У люка стоят двое с носилками и санитар Бондарь. Тот самый. Он узнаёт меня раньше, чем я успеваю нырнуть плечом под заднюю ручку, и переступает так, чтобы оказаться между мной и трапом.

— Руки, — вместо приветствия он выставляет раскрытую ладонь и не убирает, пока я не положу в неё свою.

Я прячу ладони под мышки и подставляю плечо под угол носилок, чтобы не хвататься перевязью за мокрую деревянную ручку. Задний носильщик тянет свою ручку к животу, не позволяя мне качнуть раненого лишним плечом; между нами остаётся четверть шага, которой мне никак не закрыть без рук.

— Показывай, — он не убирает руки. — Носилки без тебя спустят, а пальцы сами себя не отмоют.

— Бондарь, они уже на трапе…

— На трапе, — соглашается он и не двигается. — И спустятся. А ты у меня завтра будешь лежать между ними, если сейчас пойдёшь вместо того, чтобы показать.

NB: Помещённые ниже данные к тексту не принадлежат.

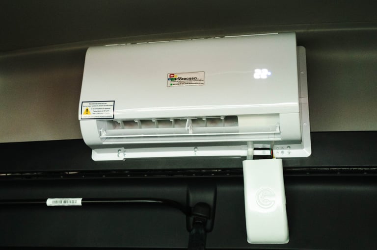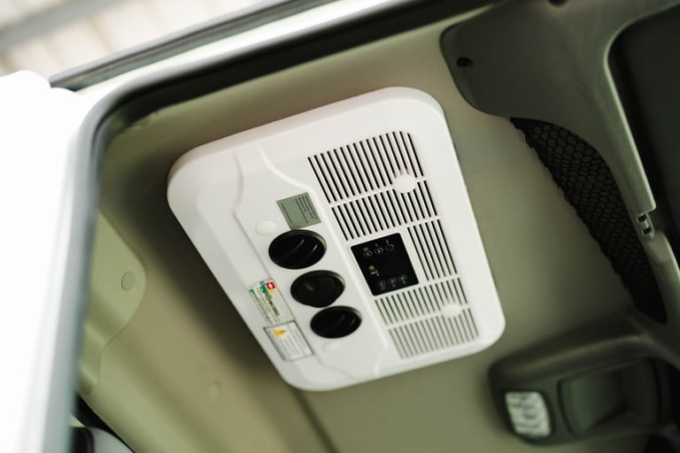 Sistema compacto instalado en el techo, diseñado para enfriar la cabina incluso en los climas más extremos.

Бондарь берёт руку за пальцы и подносит к своим глазам так близко, что я слышу его дыхание над марлей. Я ещё держу плечо поднятым, готовое принять вес, но двое с носилками уходят ниже без моей помощи; передний наконец переносит вес на ступеньку, задний гасит рывок согнутой спиной, и их сапоги глухо переступают по железу. Я всё ещё стою, впустую подставив плечо к люку, пока санитар не дёргает мою кисть к свету.

— Я вижу, что они чёрные от кисти до пальцев. Что ты хватал?

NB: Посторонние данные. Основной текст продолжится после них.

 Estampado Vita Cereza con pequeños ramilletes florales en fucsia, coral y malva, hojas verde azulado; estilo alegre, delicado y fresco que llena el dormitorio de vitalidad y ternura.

Я поворачиваю к корме всё предплечье и показываю ему на щит сорокапятки — на его левую кромку, за которую держался под очередями, вставая и опускаясь на колено. Потом отвожу большой палец и показываю санитару уползший под запястье конец бинта, серый, с чёрной каймой, вбитой в самое переплетение нитей.

— Значит, бинты в металлической стружке, а под ними мясо, — он смыкает пальцы на моём запястье. — Стой здесь. За носилками не лезь: ещё одного мне сверху принесут, если свалишься на них с трапа.

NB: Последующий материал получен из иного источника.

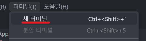 상단에 터미널(T)에 새 터미널을 누르면 아래 터미널 창이 나타난다

Я оборачиваюсь на корму, где над кранцами торчит скошенный край щита, и делаю полшага туда. Бондарю хватает и этого: он перехватывает меня за локоть и возвращает к надстройке — не рывком, а плавно, как переставляют вещь, которую поставили не туда. Носок моего сапога успевает проехать по мокрому железу, и я стою развёрнутый обратно, всё ещё нацеленный лицом к орудию.

— У тебя послезавтра могут не сгибаться пальцы, если сейчас туда попадёт железная пыль, — он говорит это не мне в лицо, а моим спрятанным кистям, добиваясь, чтобы я наконец посмотрел на них.

Он берёт меня за запястье и поворачивает руку ладонью вверх — движение точное и совершенно неотвратимое, как поворот ключа.

— Ковтун! Воды из бачка. И фонарь под полой.

Ковтун задерживает руку у пуговицы бушлата. Сначала смотрит вверх, на чёрное небо над мачтой, потом на берег, где у самой воды сидит пулемётчик, которого приказано не трогать; подбородок у него уходит в воротник, словно он уже увидел фонарный луч с той стороны воды. Фонарь лежит в двух шагах, под банкой у переборки, но эти два шага надо сделать поперёк открытого просвета.

— Там пулемёт у воды, — Ковтун всё-таки договаривает то, ради чего задержал руку у пуговицы, и коротко ведёт глазами не на фонарь, а на просвет между надстройкой и бортом.

— Знаю, что у воды. Под полу, я сказал, — Бондарь распахивает левую сторону бушлата и сам загораживает телом место для света. — С берега его не видно, если ты не идиот. А если будешь стоять и примериваться, увидят тебя и без фонаря.

Ковтун приносит и то и другое: к фонарю тянется одним шагом и возвращается уже на корточках, прижимая бачок к животу, чтобы не звякнула крышка. Огонёк зажигают под распахнутым бушлатом. Ковтун придерживает вторую полу, я прижимаюсь плечом к надстройке, и в тесном оранжевом кармане света с меня разматывают сначала правую руку.

Бинт сходит с сухим треском. Прилипшая марля тянет за собой кожу, и правая кисть сама дёргается у него из пальцев; он перехватывает её выше запястья, не касаясь раны.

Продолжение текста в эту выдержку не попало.